Unlike DeepSeek-V3 and Kimi K2, we reduce the width (hidden dimension and number of routed experts) of the model while increasing the height (number of layers), as we found that deeper models exhibit better reasoning capacity.
They pre-trained on 15 trillion tokens, then an additional 7 trillion for code and reasoning:
Our base model undergoes several training stages. During pre-training, the model is first trained on 15T tokens of a general pre-training corpus, followed by 7T tokens of a code & reasoning corpus. After pre-training, we introduce additional stages to further enhance the model's performance on key downstream domains.
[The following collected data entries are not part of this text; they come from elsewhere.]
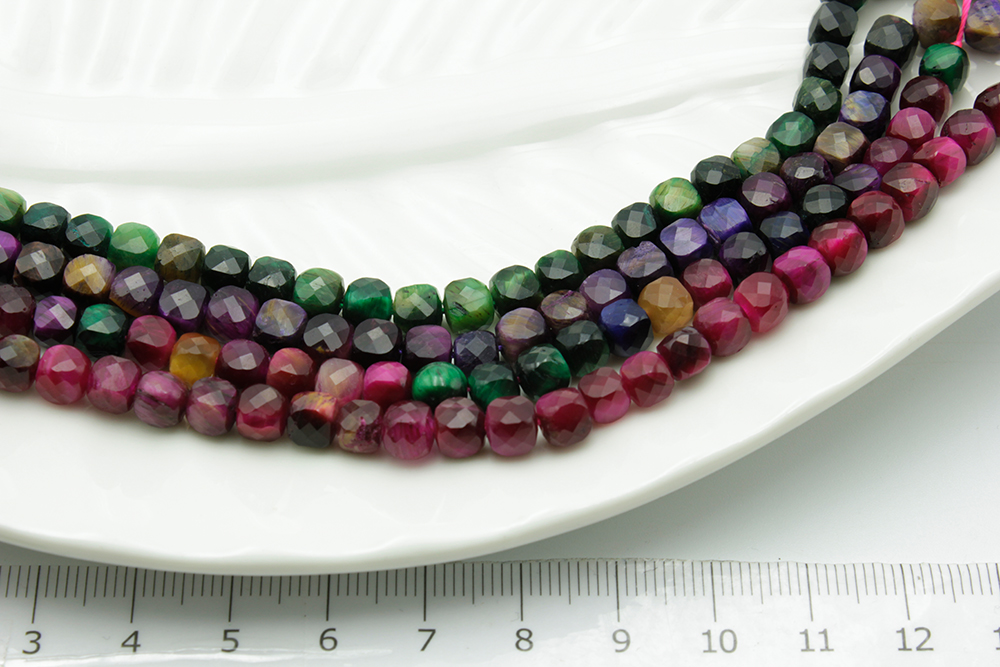 Главная / Всё для творчества и хобби / Всё для создания украшений / Бусины / Бусины из натуральных камней / Тигровый глаз / Тигровый глаз тонированный ассорти цветов кубик граненый 5*5мм 20см/нить
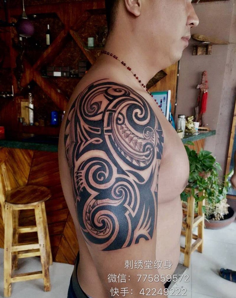 • 纹身吧推荐的披肩图腾半胛纹身图案作品展示
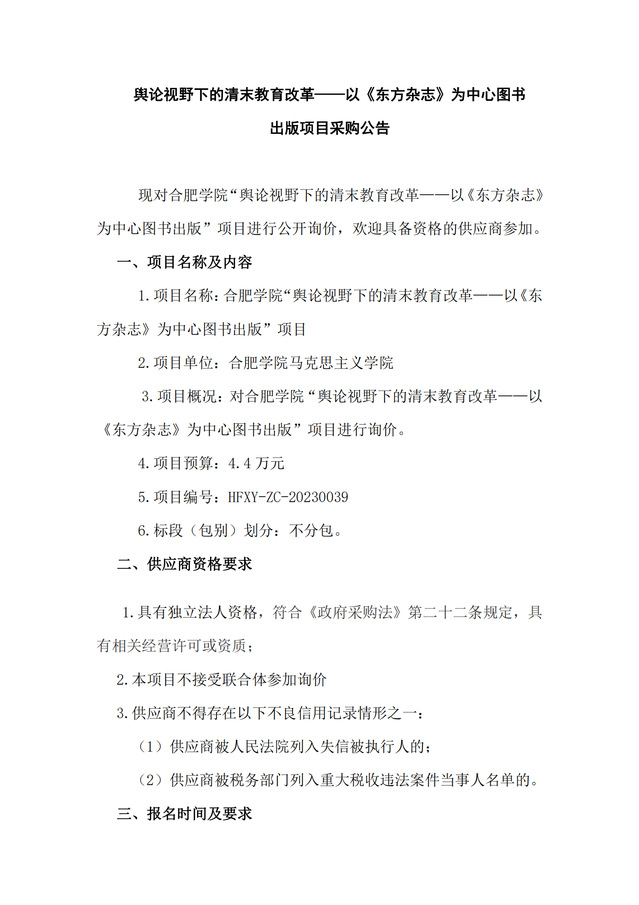 輿論視野下的清末教育改革——以《東方雜志》為中心圖書 出版項目采購公告
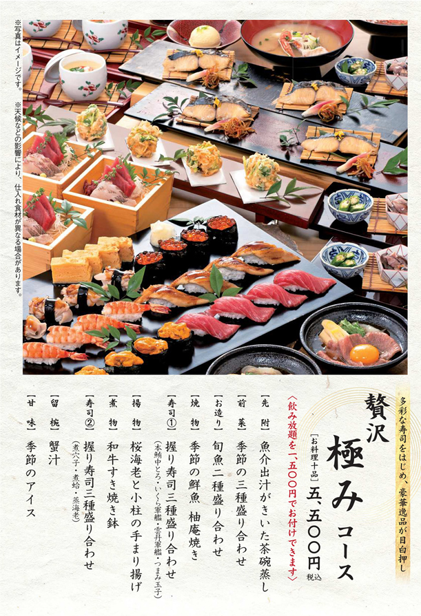 ※当日・前日のコース予約は、一部内容が変更になる場合があります。また、当日・前日以外でも仕入れの関係で一部内容を変更する場合があります。ご理解をお願い致します。 |
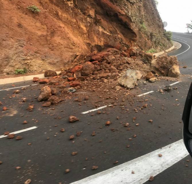 Un desprendimiento en la carretera LP-1 en el acceso desde el Sur al municipio de Barlovento ha provocado retenciones de tráfico al afectar a prácticamente la totalidad de la vía.
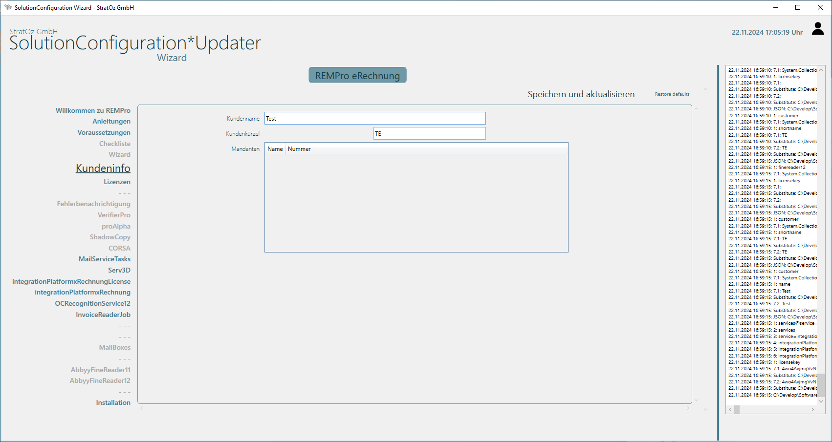 Nachdem der Laufwerksbuchstabe angepasst wurde, muss in der linken Leiste auf "Kundeninfo" geklickt werden. Hier müssen entsprechend der Kundenname und das Kundenkürzel angegeben werden. Mandanten müssen nicht hinzugefügt werden.
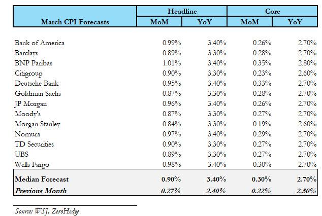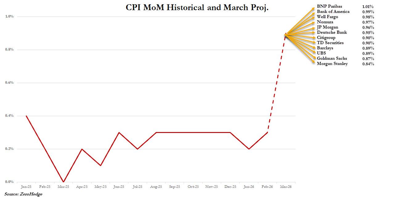 下图是目前华尔街投行对3月CPI环比数据的具体预测。可以看到,投行预估分布普遍在0.8%以上,部分机构预测环比涨幅可能“破1%”。

They also open sourced their post-training reinforcement learning harness, which they've called slime. That's available at THUDM/slime on GitHub - THUDM is the Knowledge Engineer Group @ Tsinghua University, the University from which Zhipu AI spun out as an independent company.
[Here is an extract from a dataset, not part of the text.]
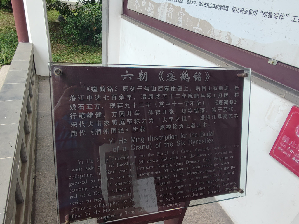 相传《瘗鹤铭》为东晋大书法家王羲之所书,他平生极爱养鹤。在他家门前有一“鹅池”,他常以池水洗笔,以鹅的优美舞姿丰富他的书法,故而他的字有“飘若浮云,矫若惊龙”之称。一日他到焦山游览,带来两只仙鹤,不料两只仙鹤却不幸夭折在焦山。王羲之十分悲伤,用黄绫裹了仙鹤埋在焦山的后山,遂在山岩上挥笔写下了著名的《瘗鹤铭》以示悼念。因其书法绝妙,当即被镌刻在山西岩石上。后因岩石崩裂,坠入江中,长期受江水的冲击,风雨的侵蚀,以及不断被人凿取,到清朝康熙五十一年(1712),才由镇江知府陈鹏年派人从江中捞起无块原石,仅存下八十六个字,其中不全的有九个,但仍可见字体潇洒苍劲,别具一格,书法价值极高,确有稀世珍品。宋代著名书法家黄庭坚认为,大字无过《瘗鹤铭》,推此为“大字之祖”,曹士冕则认为“焦山《瘗鹤铭》笔法之妙,为书法冠冕”。《瘗鹤铭》碑之所以为古时书法家所推崇,是因为它是隶书发展成楷书的演变过程中著名石刻之一,也是我们今天研究书法发展史的重要实物资料。
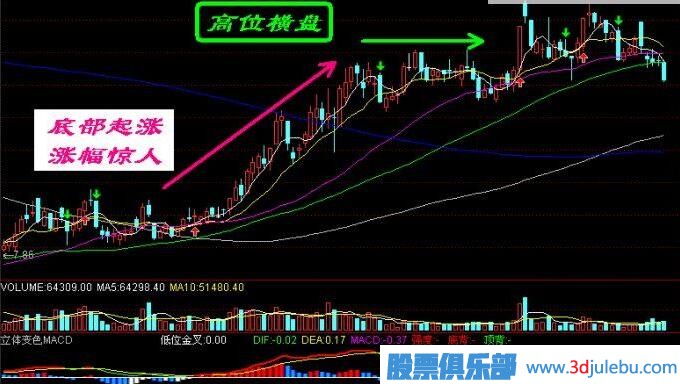 1.從某只個(gè)股的日K線圖表上看,自底部算起,這類個(gè)股的累計(jì)漲幅一般已經(jīng)相當(dāng)大,通常已經(jīng)具有80%左右的獲利幅度。

This time I ran my pelican bechmark using the chat.z.ai chat interface, which offers free access (no account required) to both GLM 4.5 and GLM 4.5 Air. I had reasoning enabled for both.
Here's what I got for "Generate an SVG of a pelican riding a bicycle" on GLM 4.5. I like how the pelican has its wings on the handlebars:
And GLM 4.5 Air:
Ivan Fioravanti shared a video of the mlx-community/GLM-4.5-Air-4bit quantized model running on a M4 Mac with 128GB of RAM, and it looks like a very strong contender for a local model that can write useful code. The cheapest 128GB Mac Studio costs around $3,500 right now, so genuinely great open weight coding models are creeping closer to being affordable on consumer machines.
Update: Ivan released a 3 bit quantized version of GLM-4.5 Air which runs using 48GB of RAM on my laptop. I tried it and was really impressed, see My 2.5 year old laptop can write Space Invaders in JavaScript now.